"I think it is a great drawing." I point out the formal elements in the drawing that are working, along with the quality of her hand in the drawing. She smiles at me shyly. "No," she responds, "I don't want it." I shrug my shoulders. "Okay, " I say, trying to find some type of acknowledgement in her eyes. She turns away and starts cleaning up the rest of her drawings.
This is an amalgamation of several conversations I had last Friday with girls of different ages after five days of drawing classes. It is an amazing experience teaching kids to draw or sculpt or paint or create. Kids, like adults, are brilliant, and when they let themselves go, they do spectacular things. It is a privelege to behold. But at some point in their development, something happens. In the presence of their peers, they have a hard time stepping up and claiming their creation. They are afraid to claim it because if it is contested, that just might feel like death.
We talked a lot about that during the course of the week. I would give them quick exercises to do to warm up hand-eye coordination, then a longer assignment, along with a group assignment for the week, and a final. During the class we would have discussions about what everyone was drawing, with an emphasis on what made a drawing good. Over and over, I told them if I could not see them in the drawing, it was not as good. If the drawing communicated something about them, it was a success. That was the only benchmark.
We talked about why we liked certain drawings and why we didn't. I facillitated conversations within the group regarding long term project strategies and individual strategies. Everyone participated. There were moments of incredible insight and courageous sharing. These children were having complex and brave conversations. It gave me hope. I could see, admiringly, that many of them would surpass me. During this week, I experienced long, rapturous moments of awe and pride.
Then came Friday. I asked all of them to compile the work they had done that week and make folders for themselves. Some folders were bulging with work, others contained only two or three pieces of paper. In the end, for some of them, it was just too hard. Too much of a risk.
Over the course of our lives, we are trained to love less, to risk less, to play it safe, because doing otherwise would risk embarrassment, or worse, on a very public level. To show great love for someone is to be completely vulnerable; not only to that person, but to the world. And this world is not set up to support love that is so free. Not right now.
But love is love, no matter who feels it, no matter who it is felt for, it is always love, and it is always okay.
But when you are 11, and you are drawing a ball in a class with a bunch of other 11 year old kids, you look around. Everyone else is drawing, looking at the ball, back at their papers, at the ball, back and forth. You are scared out of your mind. What if your ball is bad? What if it doesn't look like a ball? What if people laugh? You can't face that, you just can't put your heart on the paper and risk it being ripped to shreds, so you don't. You put half of your effort into it so that it won't hurt when people don't like it. That feels safe, and this is where it starts. You hold back, you don't give your all, you find a way to not care as much, or at least to not show how much you care, because caring is a risk. Caring is too vulnerable.

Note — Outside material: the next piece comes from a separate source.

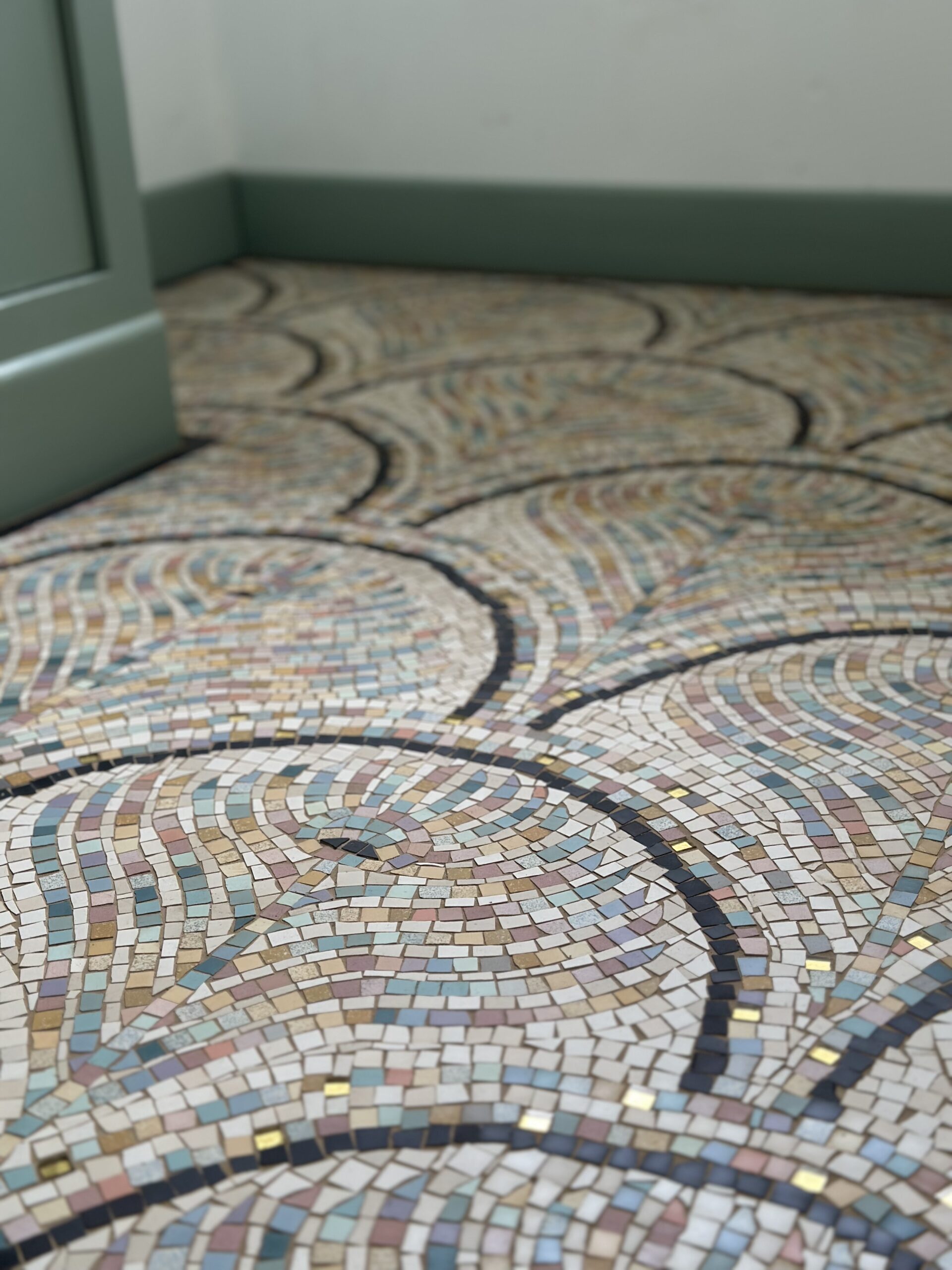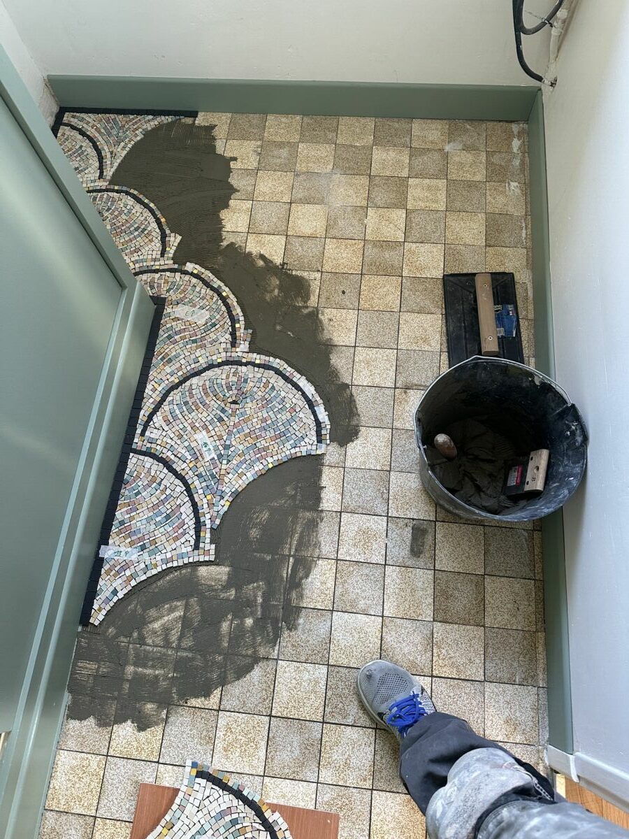 Création d’un sol en mosaïque sur mesure, réalisé en grès cérame et tesselles d’or.

So you go through life not risking. You go through life trying to avoid exposing your passion for it. Your passion is delicate, it is volatile, and it feels like everything. And you just can't risk everything. So you go through life missing out on great experiences. You go through life feeling safe, but that safety is a fabrication. That safety is dependent upon too many things that you cannot control, and eventually, you are crushed. Eventually, though you have tried your best to protect your heart and your passion, you are stomped, and it feels like you will never recover, and most likely, you won't, because you have never had to endure this pain before. You have never had to contend with losing just about everything.
You see, you can lose your world in increments, but it is never too late to risk. It is never too late to ask to be loved. It is never too late to declare your passion for the world and claim your stake in it. You might be on death's door, but it is never too late.
I think about that every time I encounter a shy young kid, or a kid who is bullying someone else into a cage. I think about what I might do to change the course of one life. How that one life might in turn touch the lives of hundreds of people I might never meet, and I risk it. I reach out. I take the chance and I let that kid know how special she is, how great she is. I let that kid know that what he cares about matters. Even if it falls on deaf ears. Even if he looks at me like I have lost my mind. I reach out.
Because I know that love is love. No matter who feels it. No matter who it is felt for. No matter what. Showing love is never a wasted effort.
Not showing love? That. That. That is a complete waste. Every single time.